[Start of section]

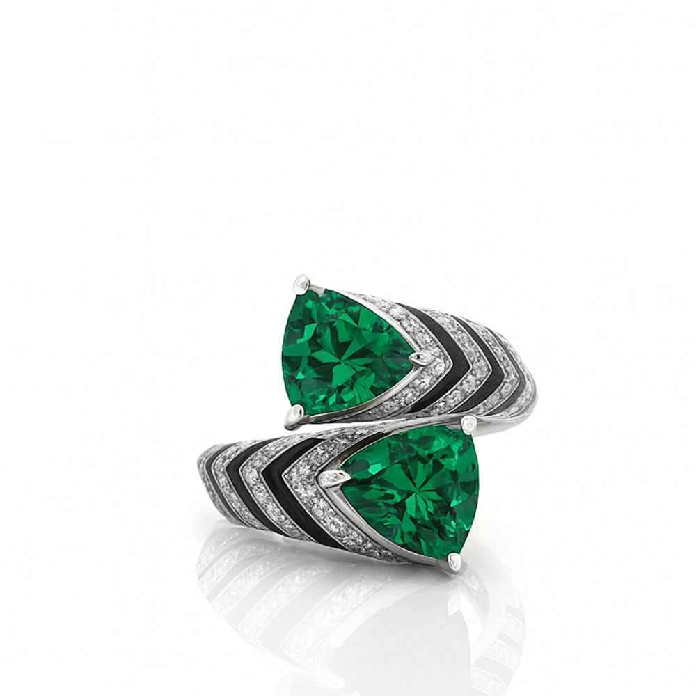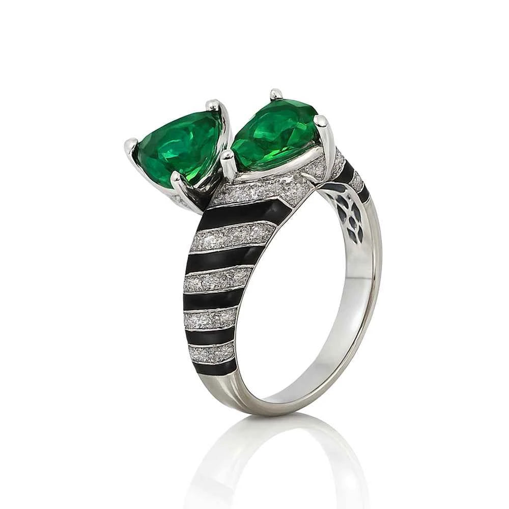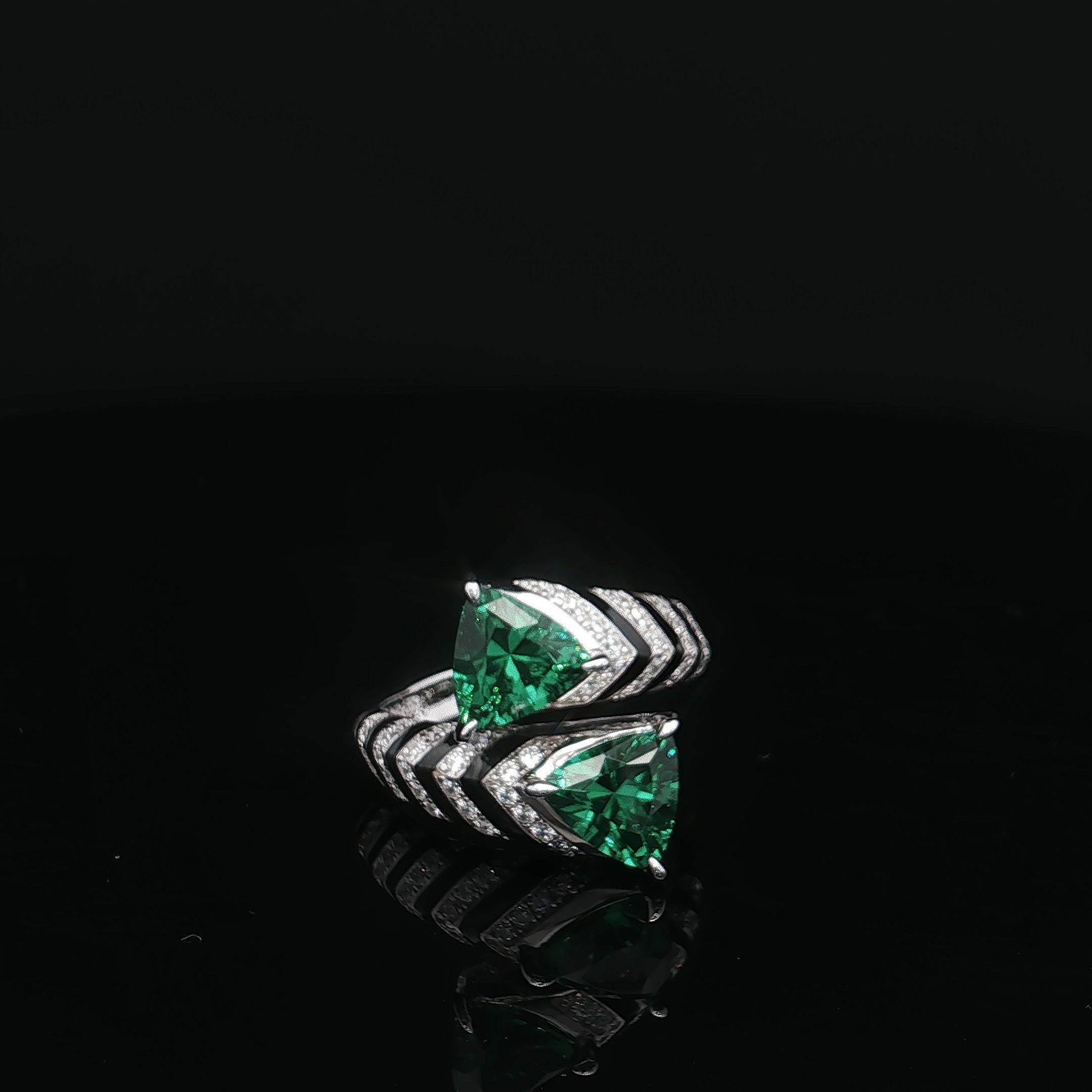 Изработен от сребро 925, този сребърен пръстен съчетава архитектурна линия с прецизно подредени цирконии и фин черен емайл. Контрастът между цветовете е умишлен и категоричен. Зелените акценти добавят силен фокус и усещане за завършен, колекционерски дизайн.
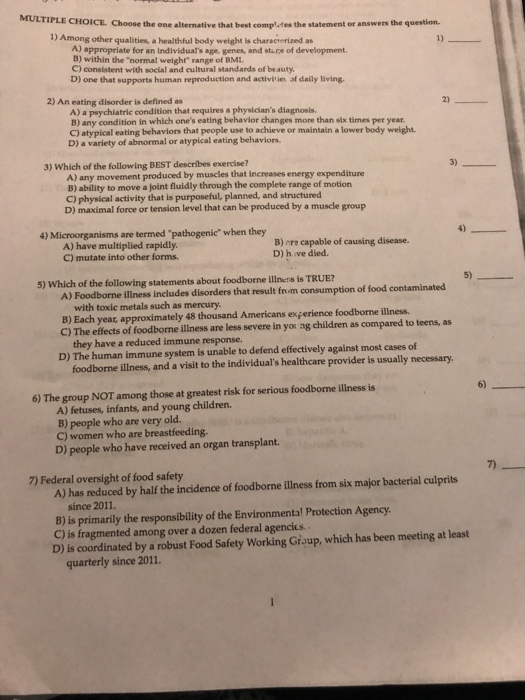 Which of the following best describes an eating disorder?. Stu dent Res pon se a. General term that describes a variety of abnormal or atypical eating. Which of the following statements BEST describes the effects of compensatory behaviors bulimics use in controlling weight.
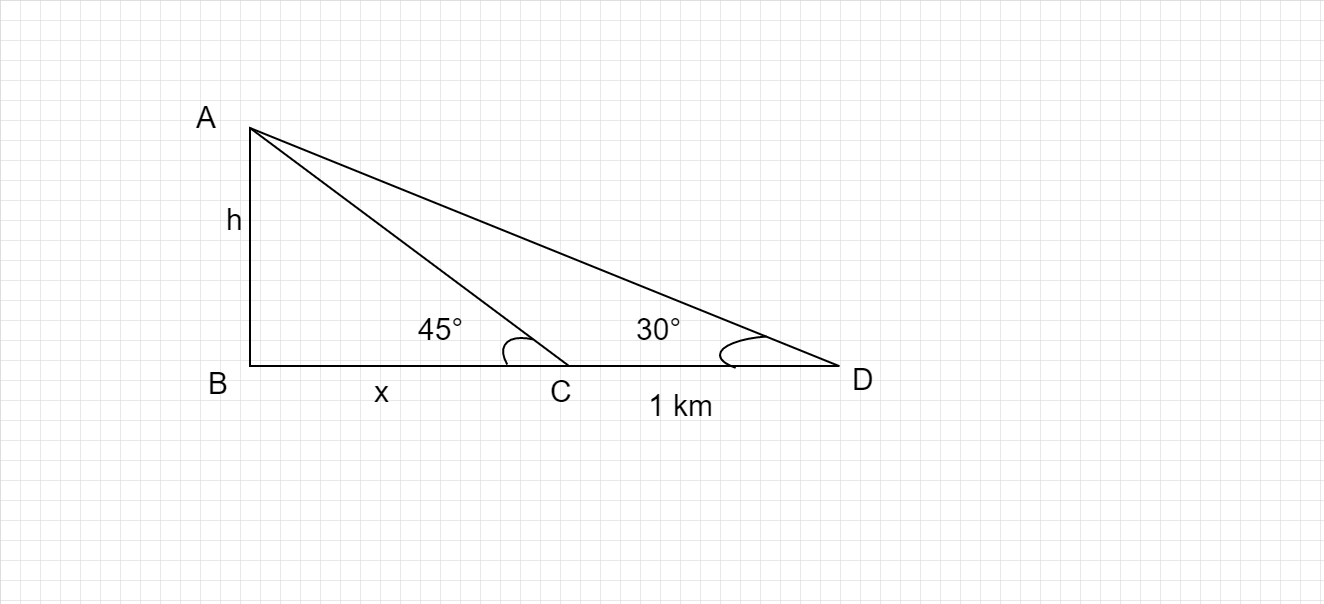 $$\displaystyle tan\ 30\ =\ \frac{h}{x\ +\ 1} \ $$
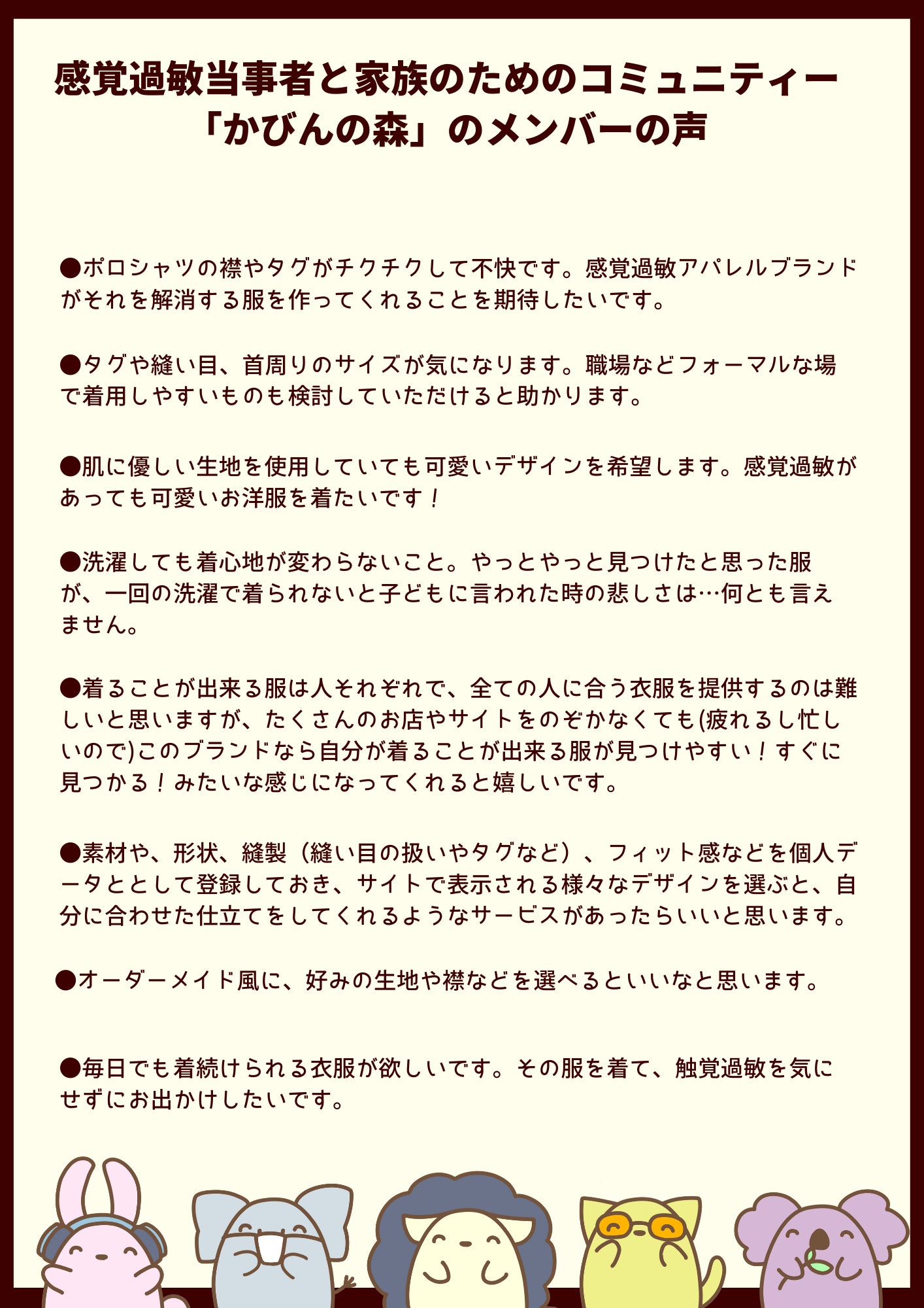 感覚過敏コミュニティー「かびんの森」のメンバーで服に困っている方からの希望もいただきました。

[End of section]

• **TASK**
Word for word, restate all of the material, omitting the images.

• **SOLUTION FOR THIS EXERCISE**
 Изработен от сребро 925, този сребърен пръстен съчетава архитектурна линия с прецизно подредени цирконии и фин черен емайл. Контрастът между цветовете е умишлен и категоричен. Зелените акценти добавят силен фокус и усещане за завършен, колекционерски дизайн.
 Which of the following best describes an eating disorder?. Stu dent Res pon se a. General term that describes a variety of abnormal or atypical eating. Which of the following statements BEST describes the effects of compensatory behaviors bulimics use in controlling weight.
 $$\displaystyle tan\ 30\ =\ \frac{h}{x\ +\ 1} \ $$
 感覚過敏コミュニティー「かびんの森」のメンバーで服に困っている方からの希望もいただきました。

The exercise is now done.